**Entries provided**.
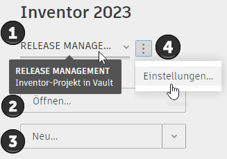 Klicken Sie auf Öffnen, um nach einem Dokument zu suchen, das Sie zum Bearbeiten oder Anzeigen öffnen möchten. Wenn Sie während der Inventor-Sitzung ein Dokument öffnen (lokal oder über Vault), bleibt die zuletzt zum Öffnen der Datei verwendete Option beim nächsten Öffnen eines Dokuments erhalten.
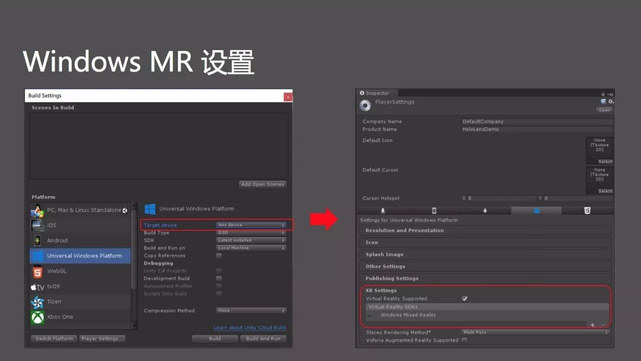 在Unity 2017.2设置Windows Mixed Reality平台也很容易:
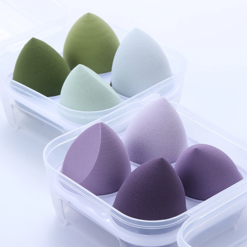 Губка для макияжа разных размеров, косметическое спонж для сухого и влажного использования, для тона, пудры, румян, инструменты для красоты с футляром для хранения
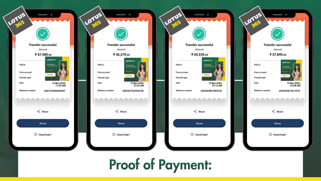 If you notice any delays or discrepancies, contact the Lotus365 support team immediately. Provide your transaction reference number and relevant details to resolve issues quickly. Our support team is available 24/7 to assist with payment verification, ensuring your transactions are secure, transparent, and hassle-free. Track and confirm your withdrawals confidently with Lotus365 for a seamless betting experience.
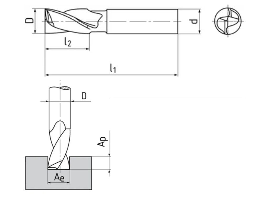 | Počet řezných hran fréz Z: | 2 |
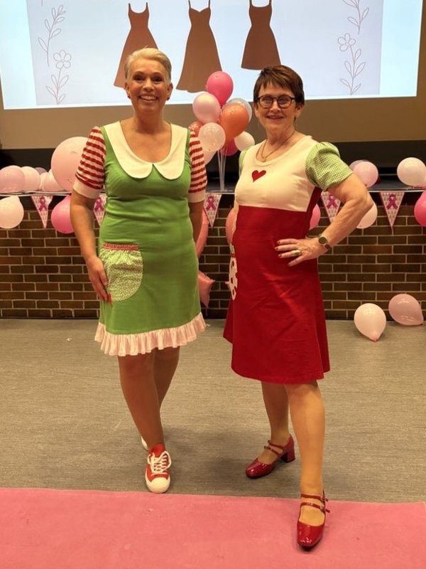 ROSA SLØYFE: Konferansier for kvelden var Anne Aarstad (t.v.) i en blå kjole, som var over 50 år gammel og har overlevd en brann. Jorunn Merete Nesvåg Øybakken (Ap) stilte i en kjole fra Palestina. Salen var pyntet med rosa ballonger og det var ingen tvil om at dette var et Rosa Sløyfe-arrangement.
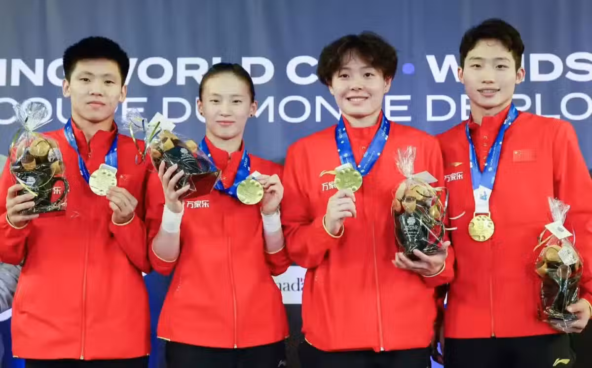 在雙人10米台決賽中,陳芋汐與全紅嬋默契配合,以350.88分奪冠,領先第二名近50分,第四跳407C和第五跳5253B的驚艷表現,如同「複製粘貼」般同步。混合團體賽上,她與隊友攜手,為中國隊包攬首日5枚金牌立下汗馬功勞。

**Problem description**. Your copy should match the listing exactly, apart from the pictures it leaves out.

**Expected output**.
 Klicken Sie auf Öffnen, um nach einem Dokument zu suchen, das Sie zum Bearbeiten oder Anzeigen öffnen möchten. Wenn Sie während der Inventor-Sitzung ein Dokument öffnen (lokal oder über Vault), bleibt die zuletzt zum Öffnen der Datei verwendete Option beim nächsten Öffnen eines Dokuments erhalten.
 在Unity 2017.2设置Windows Mixed Reality平台也很容易:
 Губка для макияжа разных размеров, косметическое спонж для сухого и влажного использования, для тона, пудры, румян, инструменты для красоты с футляром для хранения
 If you notice any delays or discrepancies, contact the Lotus365 support team immediately. Provide your transaction reference number and relevant details to resolve issues quickly. Our support team is available 24/7 to assist with payment verification, ensuring your transactions are secure, transparent, and hassle-free. Track and confirm your withdrawals confidently with Lotus365 for a seamless betting experience.
 | Počet řezných hran fréz Z: | 2 |
 ROSA SLØYFE: Konferansier for kvelden var Anne Aarstad (t.v.) i en blå kjole, som var over 50 år gammel og har overlevd en brann. Jorunn Merete Nesvåg Øybakken (Ap) stilte i en kjole fra Palestina. Salen var pyntet med rosa ballonger og det var ingen tvil om at dette var et Rosa Sløyfe-arrangement.
 在雙人10米台決賽中,陳芋汐與全紅嬋默契配合,以350.88分奪冠,領先第二名近50分,第四跳407C和第五跳5253B的驚艷表現,如同「複製粘貼」般同步。混合團體賽上,她與隊友攜手,為中國隊包攬首日5枚金牌立下汗馬功勞。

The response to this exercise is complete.